Robertson currently resides in Melbourne, and is a "third generation Geelong Cats AFL supporter".

== Early career ==

Robertson graduated from Deakin University with a Bachelor of Arts majoring in Public Relations and commenced a career in Public Relations with Melbourne Parks and Waterways. She moved out of PR and into the operational role of Park Ranger – Customer Services with the newly created Parks Victoria. At the time of leaving for Antarctica, she was Chief Ranger of Victoria's South West Region.

She holds an MBA from Melbourne Business School.

== Antarctica ==

Robertson became Australia's youngest and the second female Antarctic Station Leader at Davis Station. Robertson led the 120 scientists and tradespeople in Davis station over the Antarctic summer (December 2004 to February 2005).

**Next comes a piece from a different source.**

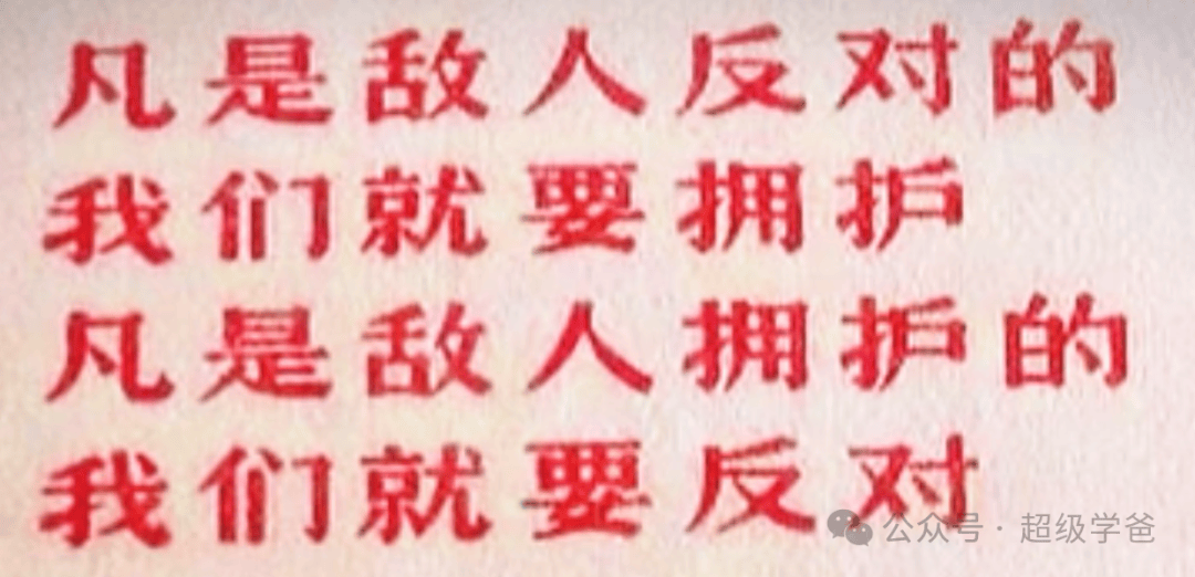 還是偉大教員説得對,凡是敵人反對的,我們就要擁護;凡是敵人擁護的,我們就要反對。他還説過:如若不被敵人反對,那就不好了,那一定是與敵人同流合污了。

She then led and managed the 17 other people who remained behind at Davis Station to maintain the operation until the scientists and tradespeople returned in November 2005. In "Leading on the Edge", she recounts the wide disparity between Antarctic life in summer, and Antarctic life in winter.

Robertson quoted, "the repetitive monotony of the day-to-day work and the same old faces at breakfast, lunch and dinner create a nine-month-long 'groundhog day' experience".
.

During her time in Antarctica Robertson was responsible for all aspects of life on the Station, from the safety and welfare of over 80 expeditioners in Summer, to the delivery of the Australian Government’s $20mn science program.
.

== Robertson's leadership ideas ==
Robertson earned an MBA when she returned from Antarctica.

In her 2014 book 'Leading on the Edge' Rachael outlines the 'extraordinary stories and leadership insights' she gained during her time in Antarctica, leading to her development of a culture of respect trumps harmony.

In her 2020 book 'Respect Trumps Harmony' Robertson further explores the 3 tools that lie at the core of the respect trumps harmony leadership practice she prescribes as follows:
- No Triangles - a tool to put an end to gossip, improve accountability and the quatily of feedback and drive innovation.
- The bacon war - a gentle circuit breaker for calling out dysfunctional behaviour.
- Lead without a title - an approach to developing personal leadership in your team, so responsibility and initiative are shared.
These tools are the three pillars that hold up the respect trumps harmony culture.

==Work==
As of June 2026, Robertson has presented at more than 2500 conferences and events across a wide range of industries including mining, healthcare, education, finance, construction, and retail.
Rachael's work is described as focusing on 'equipping leaders with tools they can apply immediately'.
Her work centres on practical leadership and clear behaviours, which when applied consistenlty improve how teams operate day to day.

The clients she works with range from large global organisations, such as Randstad, to local fundraising events such as Day of Inspiration.
Businesses she has worked with include Indeed, Westpac, Bunnings Warehouse, Worely Parsons, Chevron, NSW Department of Education, UBS, and Crown.

In 2025, she delivered keynote addresses at significant events, such as the International Women's Day Event Series in Adelaide (March 4) and BerryQuest International in Hobart (February 24–27).

Robertson has been an Australia Day ambassador.